Поверхность крыши, темно-серая, залитая некой странной субстанцией вроде битума, но не такой радикально черной, была длинной, узкой, слегка пружинила под ногами. Вера, всегда побаивающаяся высоты, не ощутила никакого беспокойства. Крыша была плоской, и только на краю топорщился неровный железный горб и был виден серый желоб водостока. Балкон возлежал на крыше, перед ним было метра три серой поверхности. Справа, закрывая половину улицы, и видимо весь дневной свет выдавалась одна из «ступенек» дома-лестницы. Вера огляделась – других балконов на крыше не было, более того, окна ближайших квартир были этажом выше. М-да! И вправду строительный брак… И тут Вера заметила еще одну интересную деталь: не доходя до края крыши где-то с полуметра вдоль всей крыши была протянута невысокая сетка-рабица, сверху держащаяся на проволоке. Четыре весьма хлипких трубы, приваренные в центре квадратных литых болванок, лежащих на крыше, поддерживали этот собачий вольер. Видимо, «выгул» принадлежал только этой квартире…

Вера Павловна растерялась. Ее стал сразу напрягать вздыхающий за спиной Андрей Валериевич, которому она что-то должна была сказать. Но сказать было нечего. Мимо Веры текла сонная жизнь захудалой воскресной улочки. Иногда проезжали машины, плелись редкие прохожие, весенняя грязь сверху была представлена во всей красе, а слепенькие окна пятиэтажки, что напротив, были, казалось, совсем рядом. Вера внимательно оглядела этот дом. В подавляющем большинстве окон ночные шторы были закрыты. Она перевела взгляд на окна над головой – та же история! Конечно, как соблюсти приватность, живя окно в окно?..

– Давайте присядем, – подал голос сзади унылый Андрей Валериевич.
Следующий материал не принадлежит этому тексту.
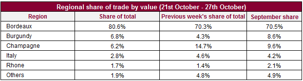 然而,上周一級酒莊的交易份額卻有所下跌,只有14.2%。當中最活躍的是拉菲Lafite Rothschild,占了一級酒莊29%的份額。而“出色的”波爾多年份的表現最佳,以2009年份最為熱賣,其次是2010和2005年份。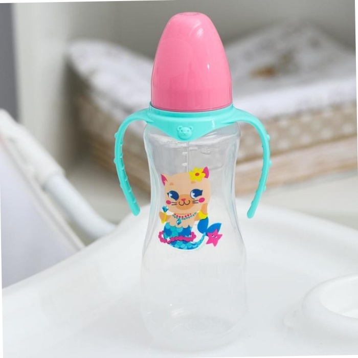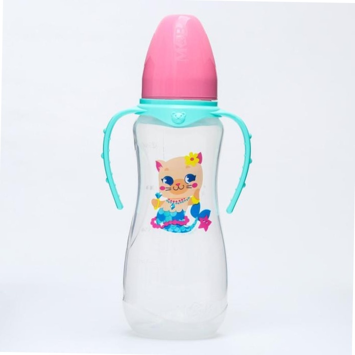 3 шт. Бутылочка для кормления ТРЕНД. Которусалка 250 мл приталенная, с ручками, цвет розовый

Вера обернулась и увидела у стены незамеченную ею ранее лавочку на две дощечки, неказистую, низкую, но крашеную и, видимо, «обсиженную».

Вера села. Рядом, вздыхая, примостился Андрей Валериевич.

– Летом здесь неплохо, особенно утром, – извиняющимся голосом произнес он. – Вон, липа распускается, цветет. Очень красиво…

Андрей Валериевич указал на единственное старое могучее дерево, росшее, видимо, рядом с аркой в некотором отдалении от балкона. Сейчас дерево было лысое и жалкое. Темная в мелкую морщинку кора была влажной. На ветках висели капли. В воздухе было уже тепло, но сыро. На крыше не чувствовалось пронзительного весеннего ветра, и Вера расстегнула верхнюю пуговицу пальто и сняла берет. Неопределенное молчание затянулось, и Вера, будучи в растерянности начала блуждать взглядом по крыше, будто определяя что где поставит. И вдруг…

От неожиданности она вздрогнула и резко поднесла руку к глазам: крышу подернуло ледком – серо-голубым юным ледком первого подзимнего морозца, и под этим ледком плеснула невеликая глубина озера ее детства, озера Круглое, на которое они часто выезжали с родителями на натужном старом «запорожце». Вера отчетливо видела хрупкую кромку и холодную рябь на воде заварочного цвета. Сквозь заварку временами проглядывал морщинистый светло-желтый песок. Вода неровно отражала низкий торфяной берег и кривую сосну-лиру выдающуюся корнями в воду. Где-то за спиной засмеялась молодым голосом  мама, загудел прибаутками отец… Мимо Веры пролетел мелкий камушек и, пробив нежный ледок, канул на дно. Машка, уже подросток – втрое выше и сильнее болезненной шестилетней Верочки – с увлечением пуляла камушками по озеру, разрушая вдрызг прозрачную ледяную пленку, наведенную ноябрем. Остро запахло костерком, мимо Веры проплыл тонкий призрак дыма и она, не выдержав, обернулась.

За спиной была серо-желтая известка стены.

– Что? Что вы увидели? – прошипел на ухо основательно забытый Верой Андрей Валериевич.

От этого свистящего шепота Вера аж подпрыгнула на лавке.

Каким образом он узнал, что она что-то видела? Это как? – гипноз или другой вид мозговой обработки…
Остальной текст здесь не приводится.